#### Recorded information

=====

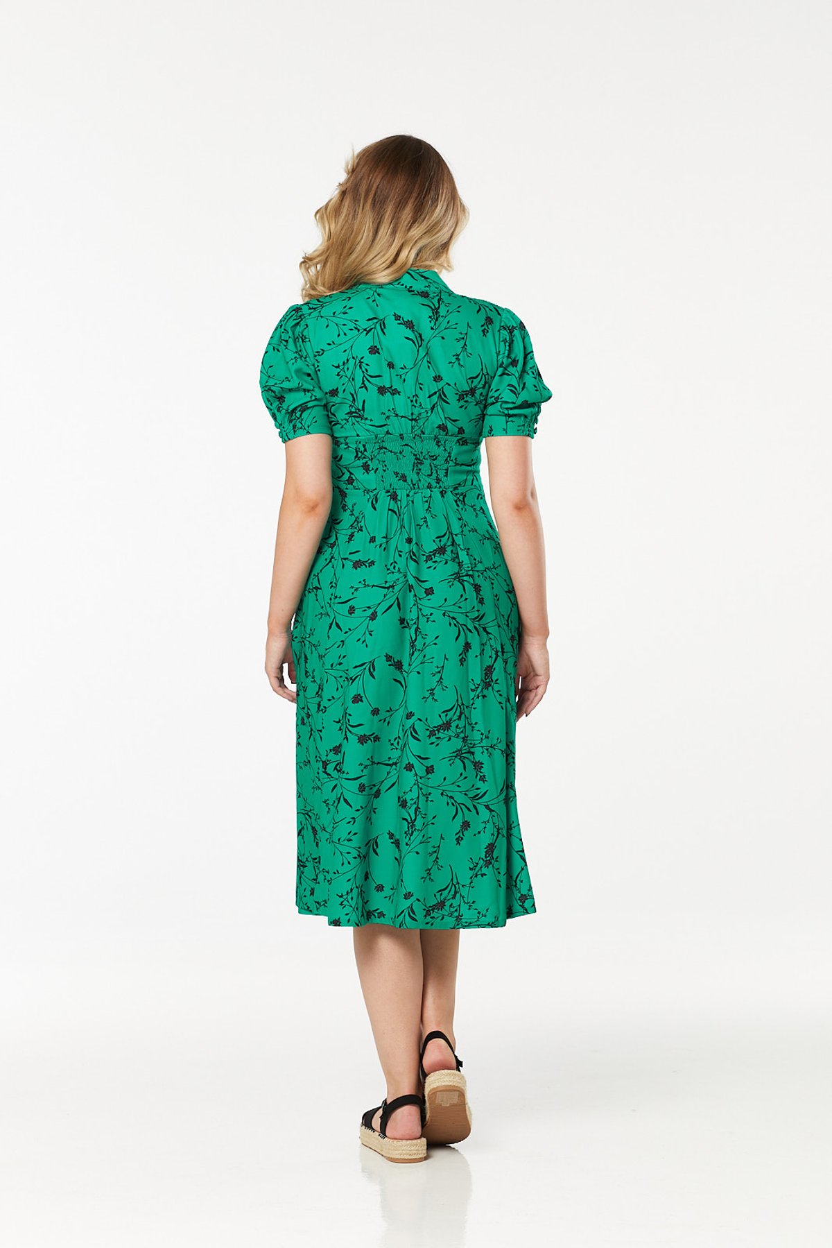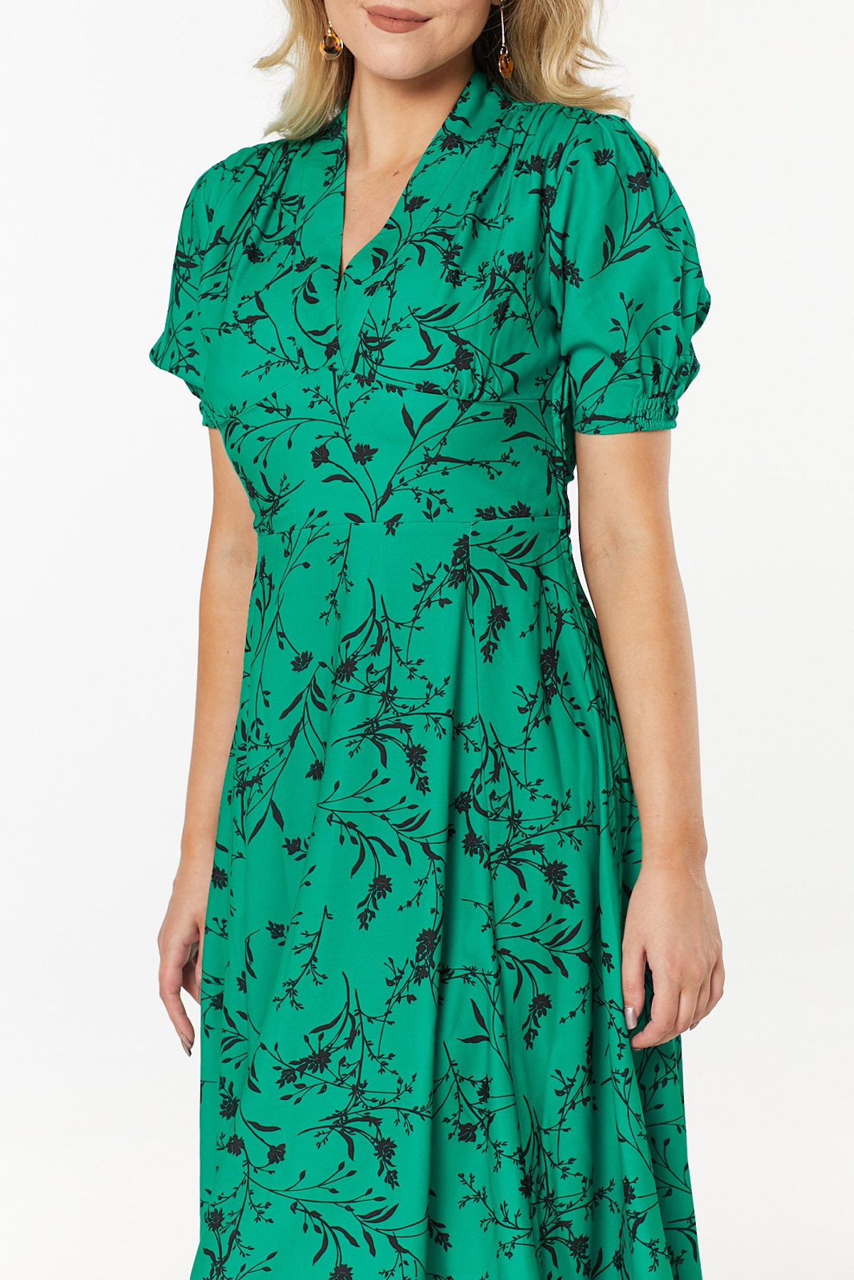 Dive into a vintage fashion time machine with our vintage-inspired Rossel dress💫. Reminisce the fabulous ’50s as this darling creation turns heads wherever you go. Adorned with whimsical black florals set against a lush green backdrop, this retro midi dress crafts the perfect vintage look👗.
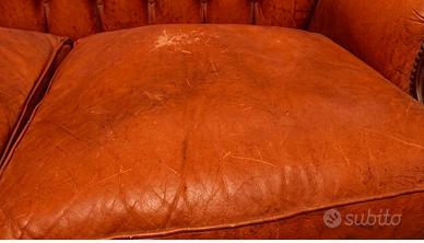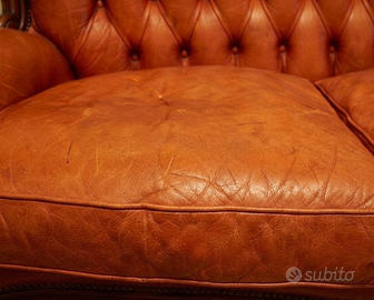 Divano vintage a due posti (dovrebbe essere in vera pelle), colore marrone/cognac, con lavorazione capitonné sullo schienale.
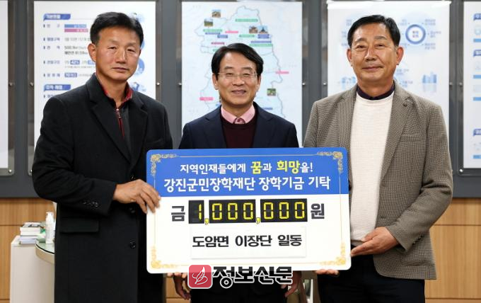 ![]() 강진군, 지역 인재 육성 장학금 기탁 행렬 줄이어(도암면 이장단) |

=====

#### What is required
Copy the material above word for word, images excluded.

#### Solution for this problem
 Dive into a vintage fashion time machine with our vintage-inspired Rossel dress💫. Reminisce the fabulous ’50s as this darling creation turns heads wherever you go. Adorned with whimsical black florals set against a lush green backdrop, this retro midi dress crafts the perfect vintage look👗.
 Divano vintage a due posti (dovrebbe essere in vera pelle), colore marrone/cognac, con lavorazione capitonné sullo schienale.
 ![]() 강진군, 지역 인재 육성 장학금 기탁 행렬 줄이어(도암면 이장단) |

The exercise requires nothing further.